Route requests through proxies to avoid IP bans on large crawls. Proxies are tunneled at the TCP level - traffic goes through the proxy before the TLS handshake, making it look like the request originated from the proxy's IP.

.env

PROXY_1=http://user:[email protected]:8080
PROXY_2=http://proxy2.example.com:8080

crawl.json

"anti_bot": {
  "rotate_user_agents": true,
  "request_delay_jitter": true,
  "proxy": {
    "enabled": true,
    "key_rotation": "random",
    "urls": ["$PROXY_1", "$PROXY_2"]
  }
}

ℹ

For testing, Webshare offers 10 free proxies. Set authentication to IP-based (no username/password needed) and format URLs as http://host:port.

Configuration

Layer 3 - Headless Browser

Layer 3 is used automatically when Layers 1, 2, and 2.5 all fail to return meaningful content. It runs a real browser to fully render the page.
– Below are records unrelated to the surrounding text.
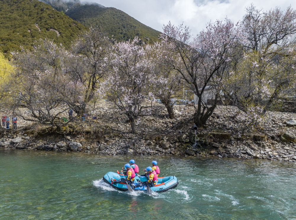 選手們在進行兩人漂流艇競速賽比賽(4月20日攝,無人機照片)。新華社記者 孫非 攝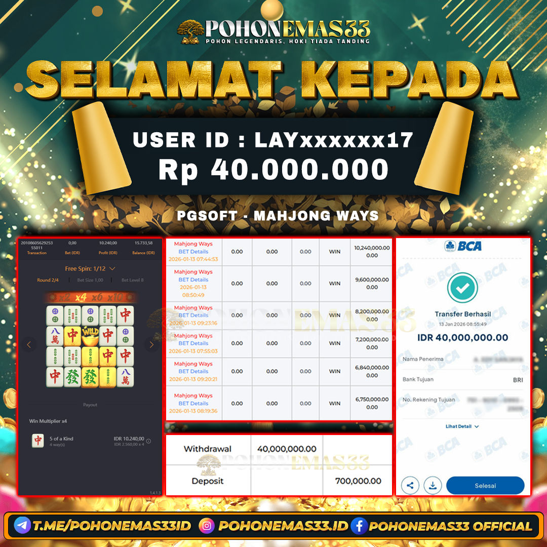SELAMAT!! Kepada Member setia POHONEMAS33 telah berhasil menang besar di SLOT PGSOFT MAHJONG WAYS dengan USER ID : LAYxxxxxx17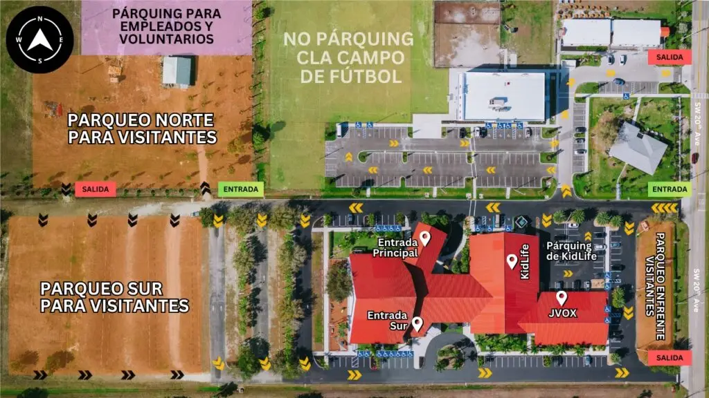 Disponemos de estacionamiento alrededor del edificio de la iglesia, frente al edificio de la escuela, alrededor de nuestras oficinas, en el aparcamiento de KidLife, frente a la iglesia y en dos aparcamientos adicionales, el norte y el sur, situados en la parte de atrás de la iglesia.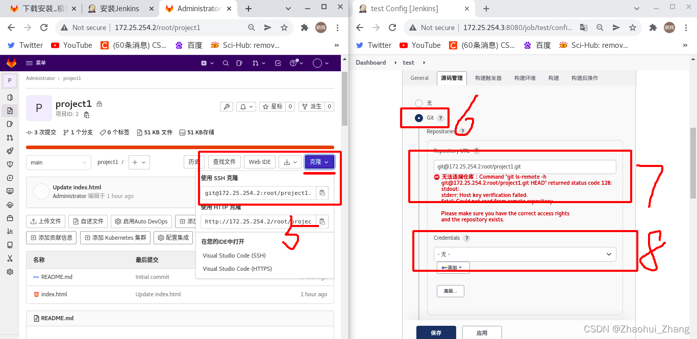 注意:jenkins是以git的方式访问gitlab,因此jenkins的客户端必须先安装<yum install -y git>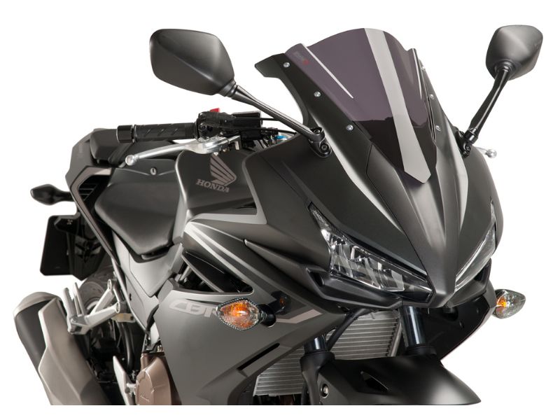 Racing - Double height windscreen that drives the air away from your helmet. For supersport bikes.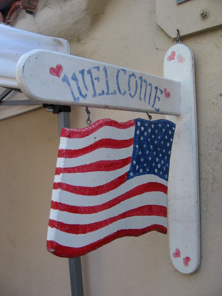 American flag and a Welcome at the front door of the USA cottage in Balboa Park.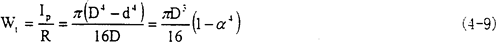 ,导出的公式中引进了截面极惯性矩和抗扭截面系数,在空心轴的情况下有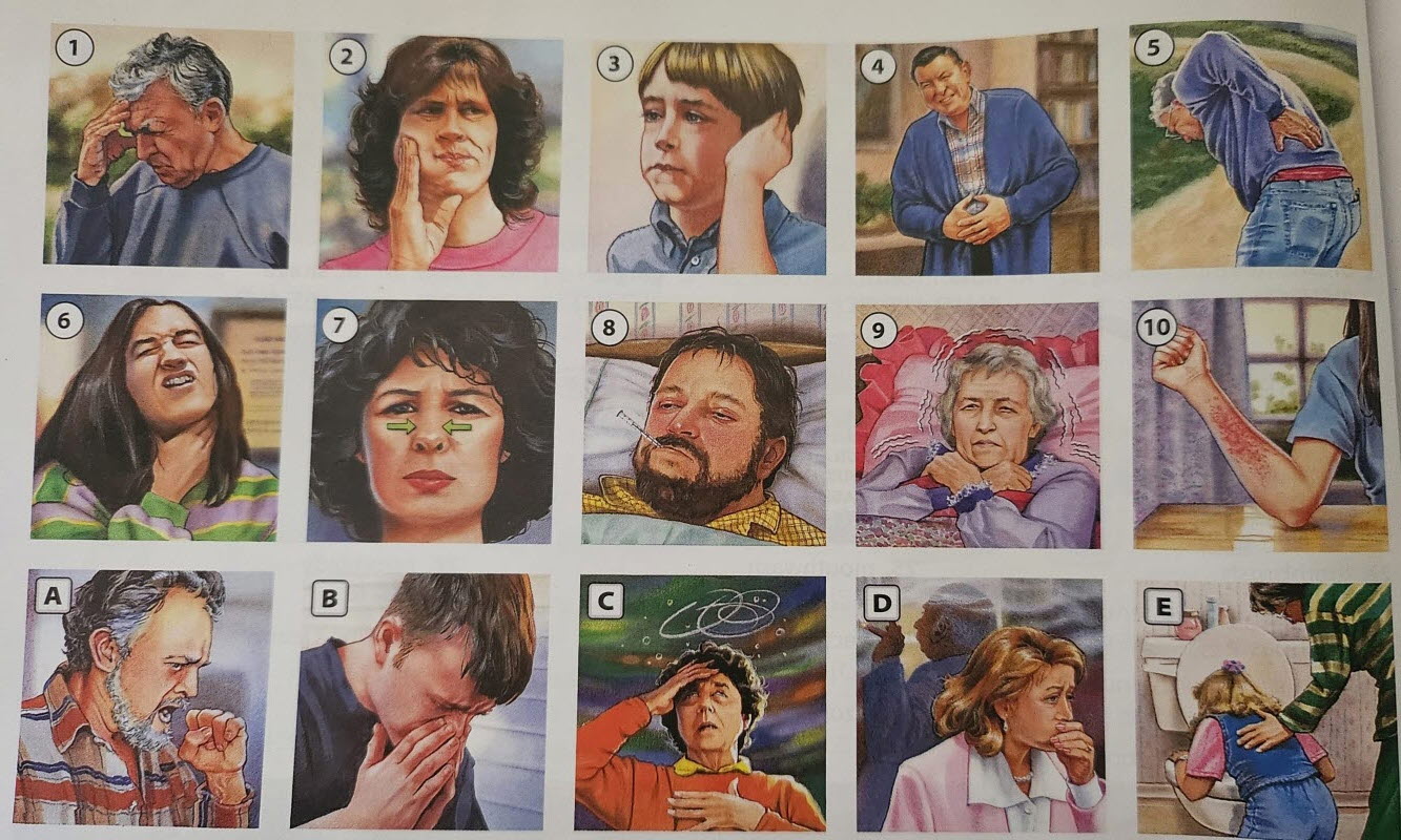 - A. 기침을 하다: cough[kaaf], B. 재채기하다: sneeze[sneez] , C. 어지러움을 느끼다 : feel dizzy[feel di·zee], D. 메스꺼움을 느끼다 : feel nauseous [feel naa·shuhs] , E. 구토를 하다 : throw up/vomit [throw up/ vaa·muht ] ⑪ 벌레에 물린 상처 : insect bite , ⑫ 멍 : bruise[brooz ], ⑬ 벤 상처: cu[kuht], ⑭ 햇빛에 탄 상처: sunburn [suhn·burn ], ⑮ 물집: blister [bli·str], ⑯ 부어오르른 손가락 : swollen finger[swow·luhn fing·gr], ⑰ 코피가 나다: bloody nose , ⑱ 발목을 삐다 : sprained ankle[spraynd ang·kl]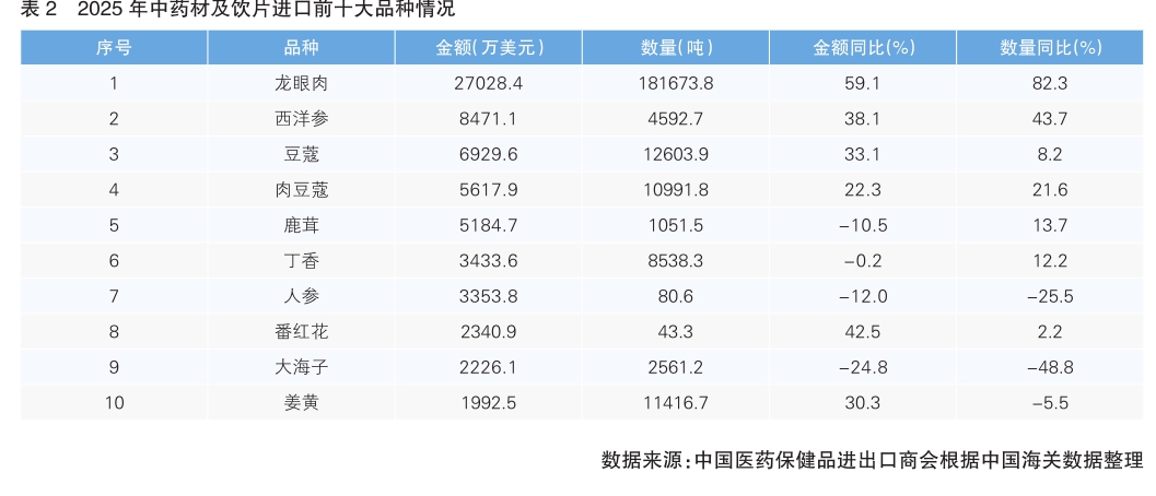 龙眼肉、西洋参、豆蔻、肉豆蔻、鹿茸、丁香、人参、番红花、大海子、姜黄为我国中药材及饮片进口的前十大品种,进口额合计占比达71.7%。龙眼肉2024、2025年连续两年位居中药材及饮片进口第一大品种,同比增幅分别为33.8%和59.1%,2025年进口额更是高达2.7亿美元,占中药材及饮片进口总额的29.1%,标志着我国中药材贸易正从稀缺药材进口转向大宗功能性原料全球化配置。排名第二的西洋参,2024年进口下滑严重,2025年企稳回升,进口额同比增长38.1%,达8471.1万美元。番红花从2024年排名第十五跻身前十行列,全年进口额2340.9万美元,同比增幅高达42.5%(详见表2)。

Option A: Local Chrome (automatic)

If Chrome or Chromium is installed on your machine, PhantomCrawl detects it automatically and uses go-rod to control it. No configuration needed.

terminal - check if Chrome is detected

phantomcrawl start
# You will see:
✓ Chrome detected. Using go-rod for Layer 3.

Option B: Browserless (cloud Chrome)

If Chrome is not installed (common on servers and mobile), you can use Browserless - a cloud Chrome service. Free tier available.

.env

BROWSERLESS_KEY=your_key_here

crawl.json

"layer3": {
  "key_rotation": "random",
  "keys": ["$BROWSERLESS_KEY"]
}

⚠

If neither Chrome nor Browserless keys are configured, Layer 3 is unavailable. PhantomCrawl will still work via Layers 1 and 2, which cover the vast majority of the web.

Configuration

Environment Variables

Never put API keys directly in crawl.json. Use a .env file instead and reference variables with $VAR_NAME in your config.

.env

# AI keys
GROQ_KEY_1=gsk_abc123...
GROQ_KEY_2=gsk_def456...

# Browser
BROWSERLESS_KEY=your_browserless_key

# Proxies
PROXY_1=http://host:port
PROXY_2=http://user:pass@host:port

⚠

Add .env and crawl.json to your .gitignore so you never accidentally commit API keys.

.gitignore

.env
crawl.json
urls.txt
scraped/

Reference

Commands

phantomcrawl init Generate a crawl.json template in the current directory. Run this first in a new project folder.

phantomcrawl start Start crawling based on your crawl.json and urls.txt. Automatically resumes if a previous crawl was interrupted.

phantomcrawl reset Wipe the crawl state database so the next start treats all URLs as fresh. Does not delete your scraped data files.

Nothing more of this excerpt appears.